[Data entries]
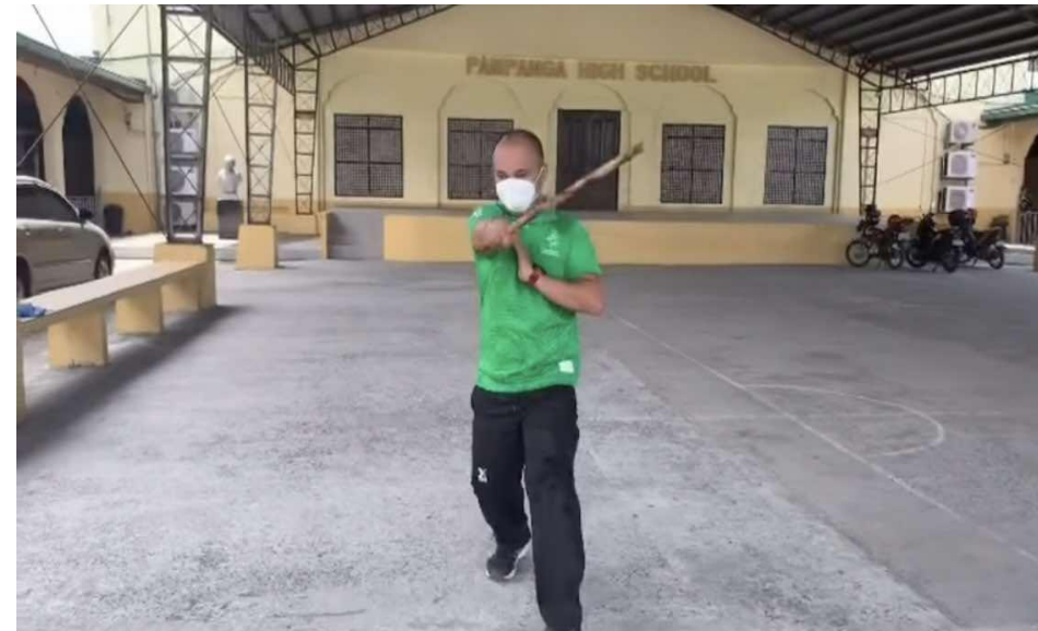
Figure 5: Arnis Basic Skills for Anyo.

- Striking technique towards the left shoulder.
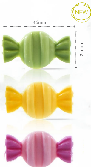
Candy assortment 78250 (90 pcs)
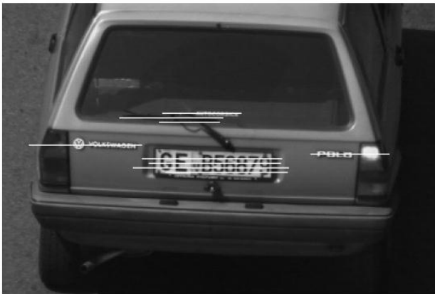
Fig -2: Typical car image with superposed line segments [3]

includes a pre-processing block which performs a screening in order to select images or sub-images showing motion [3].
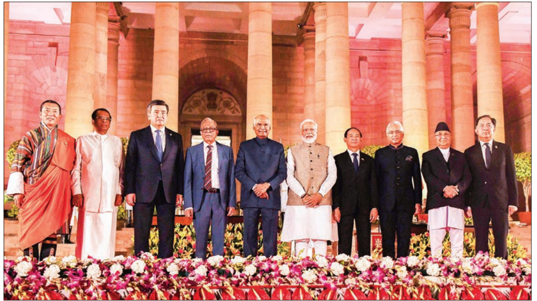
President U Win Myint (Fourth from Right) poses for documentary photo together with Indian Prime Minister Mr. Narendra Modi (Fifth from Right), Indian President Mr. Ram Nath Kovind (Sixth from Right) and leaders from regional countries.

AT THE invitation of His Excellency Shri Narendra Modi, Prime Minister of the Republic of India, U Win Myint, President of the Republic of the Union of Myanmar, paid a visit to India from 30 to 31 May 2019 to attend the Swearing-in Ceremony of the Prime Minister of India for the second term.
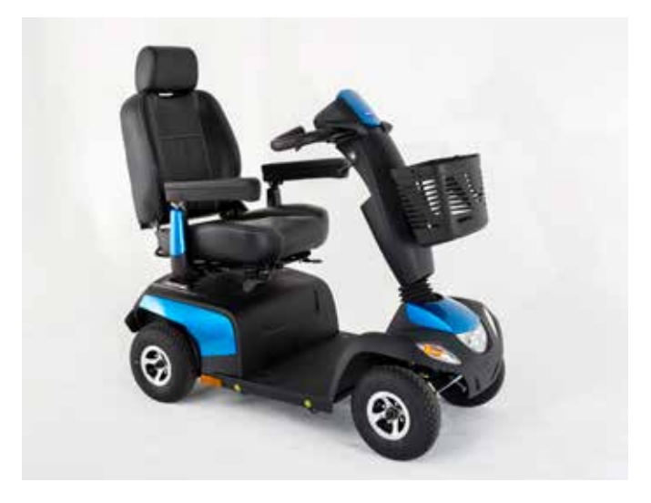
Four wheel Orion METRO
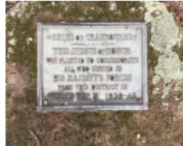
World War Two Memorial Plaque South Gippsland Highway
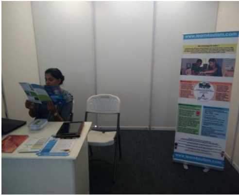
Autism Society of India Stall
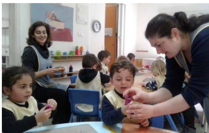
In the Nursery
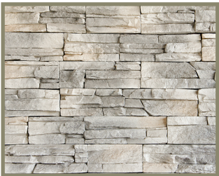
Whistler LedgeStone AS-2042
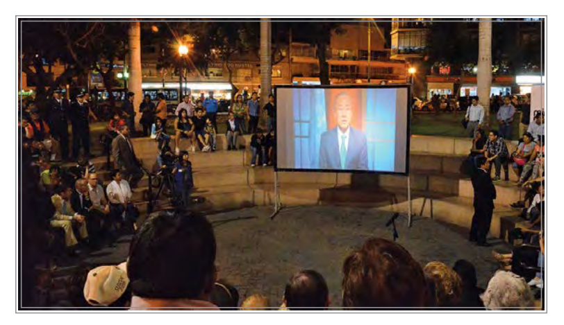
To mark the International Day of Commemoration in memory of the victims of the Holocaust, UNIC Lima and the Embassy of Israel, organized the screening of the Holocaust Programme's Tenth Anniversary Film in a public park in Lima, Peru.
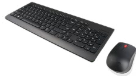
Lenovo Essential Wireless Keyboard and Mouse Combo (PN: 4X30M39458 - 4X30M39507)

Lenovo Fingerprint Biometric USB Mouse offers superb input functionality with an integrated fingerprint sensor for password-free authentication. It features 1600 DPI resolution with an optical sensor for precise tracking and an ambidextrous design for more fluid control and ergonomics. Log-in to Windows instantaneously with one-touch biometric verification
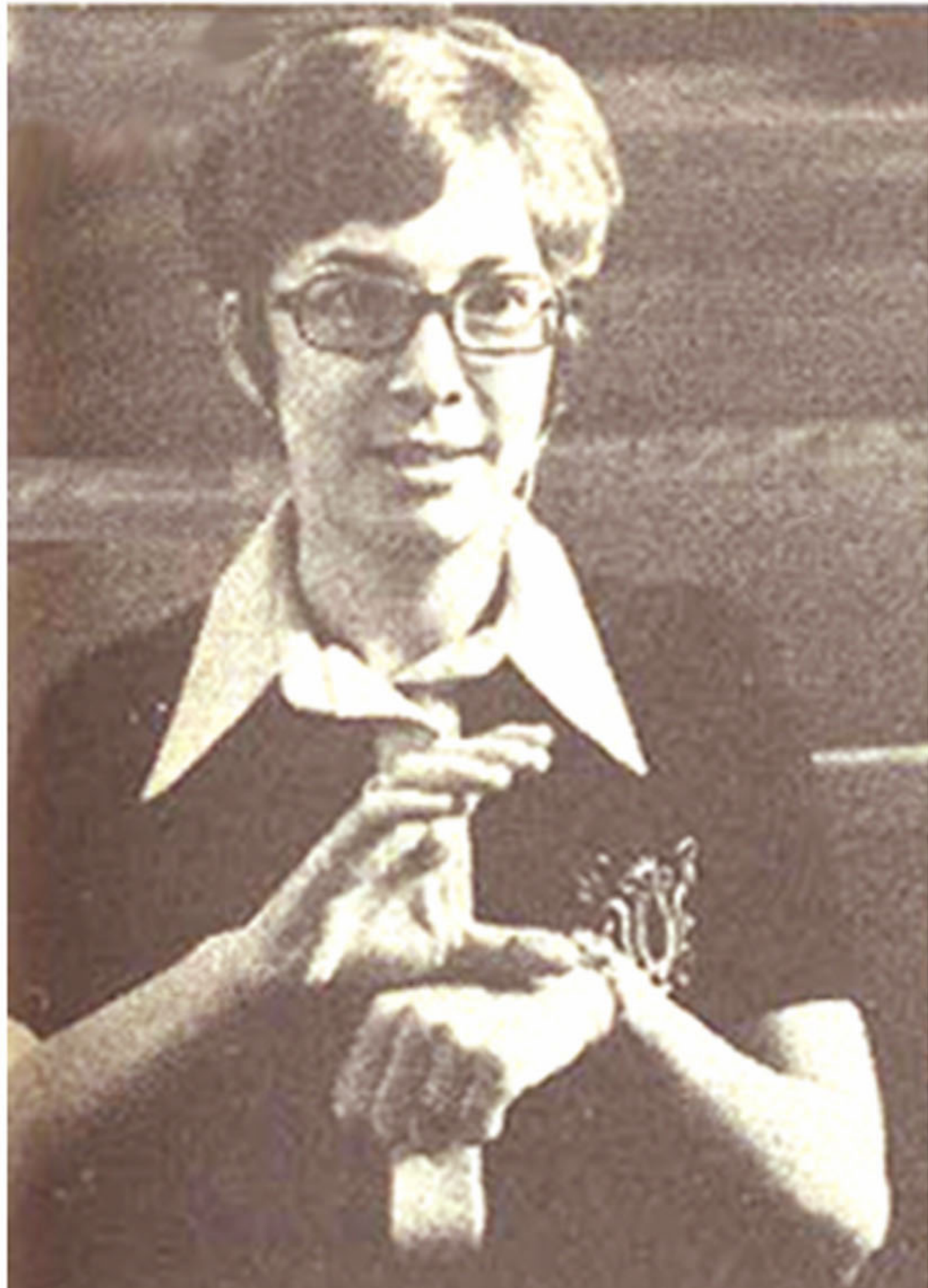
Right hand opened over left is sign language for "church."
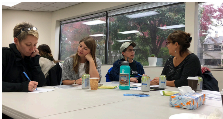
Store to Door staff at an Equity Diversity and Inclusion Training session in October.

“Store to Door is dedicated to reaching our equity goals and ensuring nourishment and connection for all seniors and adults with disabilities in need.”

Exercise brief -
Having removed the pictures, write out the records exactly as they stand.

Reply -
Figure 5: Arnis Basic Skills for Anyo.

- Striking technique towards the left shoulder.
Candy assortment 78250 (90 pcs)
Fig -2: Typical car image with superposed line segments [3]

includes a pre-processing block which performs a screening in order to select images or sub-images showing motion [3].
President U Win Myint (Fourth from Right) poses for documentary photo together with Indian Prime Minister Mr. Narendra Modi (Fifth from Right), Indian President Mr. Ram Nath Kovind (Sixth from Right) and leaders from regional countries.

AT THE invitation of His Excellency Shri Narendra Modi, Prime Minister of the Republic of India, U Win Myint, President of the Republic of the Union of Myanmar, paid a visit to India from 30 to 31 May 2019 to attend the Swearing-in Ceremony of the Prime Minister of India for the second term.
Four wheel Orion METRO
World War Two Memorial Plaque South Gippsland Highway
Autism Society of India Stall
In the Nursery
Whistler LedgeStone AS-2042
To mark the International Day of Commemoration in memory of the victims of the Holocaust, UNIC Lima and the Embassy of Israel, organized the screening of the Holocaust Programme's Tenth Anniversary Film in a public park in Lima, Peru.
Lenovo Essential Wireless Keyboard and Mouse Combo (PN: 4X30M39458 - 4X30M39507)

Lenovo Fingerprint Biometric USB Mouse offers superb input functionality with an integrated fingerprint sensor for password-free authentication. It features 1600 DPI resolution with an optical sensor for precise tracking and an ambidextrous design for more fluid control and ergonomics. Log-in to Windows instantaneously with one-touch biometric verification
Right hand opened over left is sign language for "church."
Store to Door staff at an Equity Diversity and Inclusion Training session in October.

“Store to Door is dedicated to reaching our equity goals and ensuring nourishment and connection for all seniors and adults with disabilities in need.”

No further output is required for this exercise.